Universal Reconciliation

This morning Mark and I went to his sacrament meeting and then we high tailed it to the forum class at Reedwood Friends.  A woman who was influential in me becoming a member there, a professor of theology, was in town and led the class.

She was speaking about a Quaker woman from the 1800s named Hannah Whitall Smith.  She was raised in the orthodox Society of Friends, became agnostic for a few years, was influenced by the Plymouth Brethren in studying scripture, and spoke and wrote during the Holiness movement.  She was a contemporary of George MacDonald and she became convinced of Universal Reconciliation, or as she called it, Restitution and she called it the mother heart of God.  In other words, she came to believe that God is every bit as good, actually better, than a mother.  If her children were naughty, she would not abandon them to eternal punishment, nor, she assumed, would God.

Sherill and I were discussing this tonight because we have believed this for at least thirty years now.  Sherill had not only heard of Hannah Whitall Smith, but she owns some of her writings.  She was reading some to me tonight and we were talking about the three parables Jesus told of the shepherd searching for the lost sheep, the woman sweeping the floor for the lost coin, and the prodigal son.  Something was opened to me.

I am of an age when I sometimes lose things.  Mark and I have been missing a key for at least a week now and it eats at me.  I cannot be satisfied until that key is found.  We have another, but I am uneasy about the missing key.  I keep trying to figure out where it could be.  I worry about it.  I feel incomplete without it.  I cannot rest until it has been found.

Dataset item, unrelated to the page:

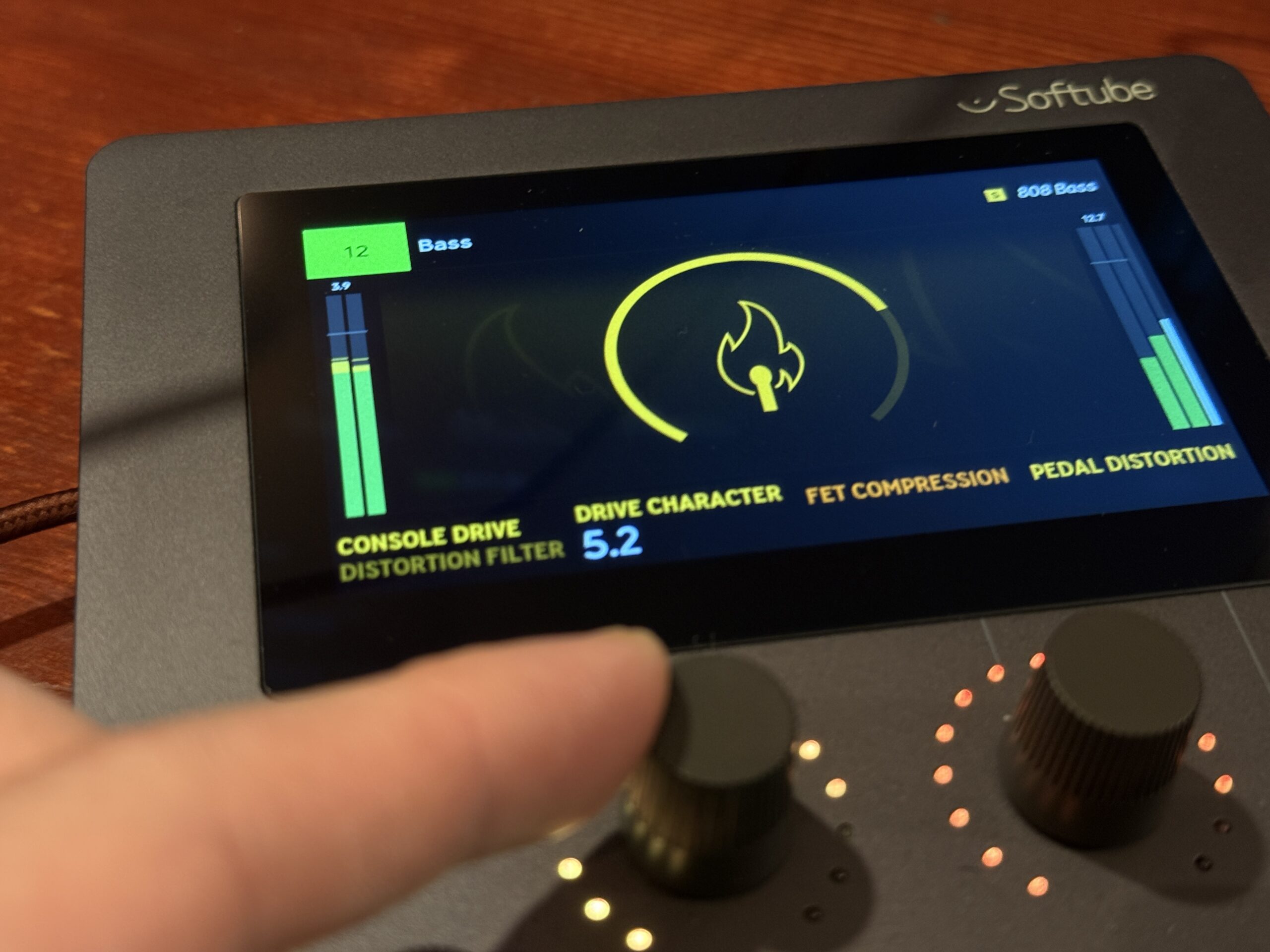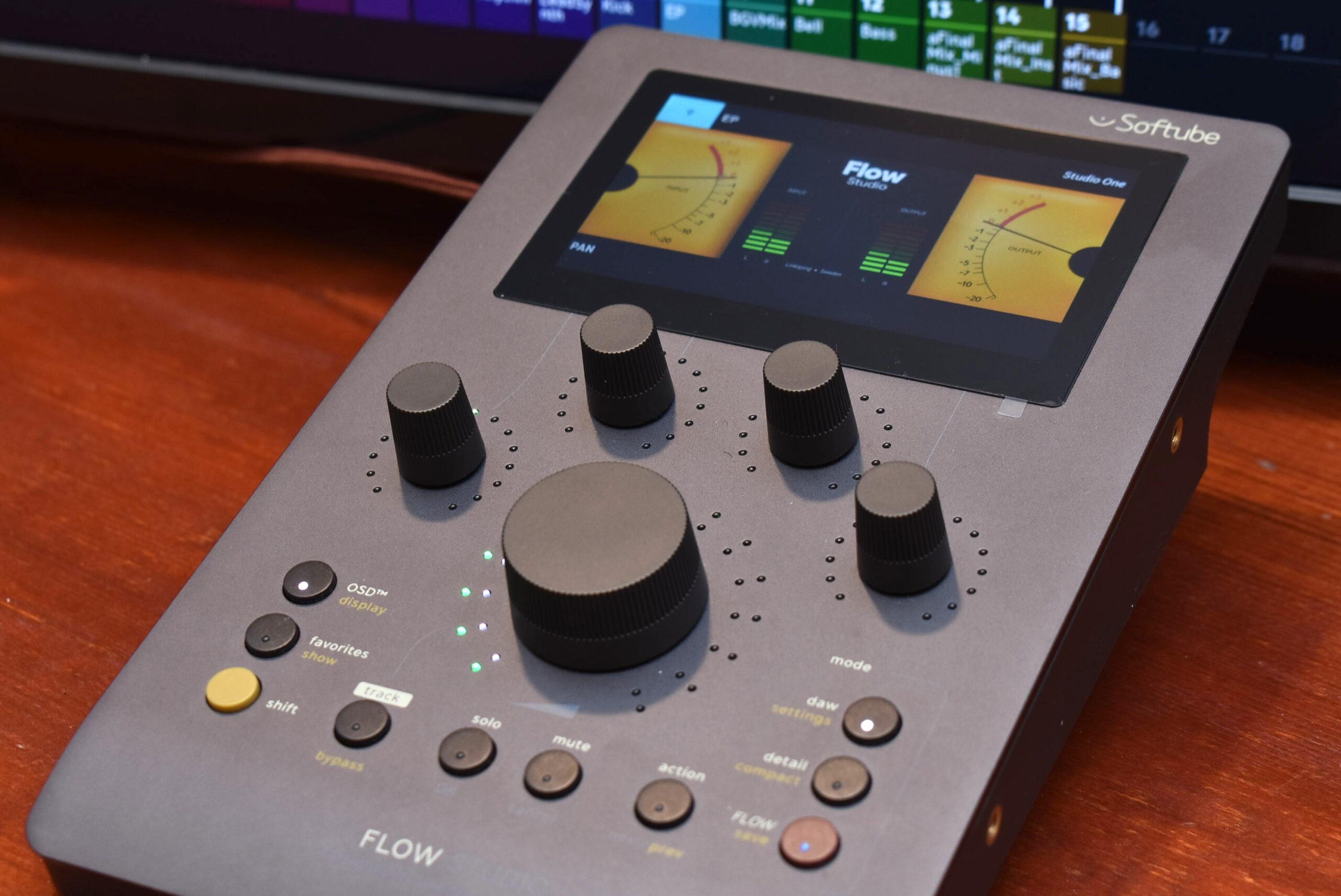 トラックのボリューム感やパンをある程度設定したら、いよいよこの製品の真骨頂である「Flowモード」へ切り替えます。本体の画面と中央のオムニノブを使って、ボーカルやドラムなど、そのトラックに最適なプリセット、公式的には「Flow」と呼ばれるシグナルチェーンを読み込みます。Softubeのプロチームが構築したこのFlowには、それぞれ最大8つのマクロコントロールが設定されており、本体周囲の4つのノブとShiftボタンの切り替えで操作していきます。

I believe that this is the case with God as well.  The very fact that a person is “lost” leaves God ill at ease.  God will not give up trying to “find” the “lost”.  I am living proof.  For many years I attended church but I had lost my faith in God.  It seemed to me that God didn’t care about me and didn’t listen to my prayers.  As I look back on that period of my life now, I can remember instances where I believe God was speaking to me, but I didn’t know that it was God speaking.  Without that understanding, I didn’t act on what I was being told and I probably went through more suffering than was needful.  I was so lost, but God never stopped seeking me out.  God couldn’t rest till I was found.

The missing key has been a lesson to me.  We are that missing key and even if God has other keys that are where they ought to be, God will not stop searching till the rest of us have been found.  It is imperative that God do so because a missing key in the wrong hands would be such an awful thought.

Another example:  I had an uncle whose son went missing for years.  They didn’t know if he was dead or alive.  My uncle was never at peace till the day his son finally came home for a visit.  Whatever problems had caused the split were forgotten in the joy of having his son back and getting to catch up on where he’d been and meeting his family.

It is with this sense of loss that God continually seeks us out, even beyond death.  God will never give up on having us back in the fold.  Every one of us, including the Hitlers and the Husseins, are that important to God.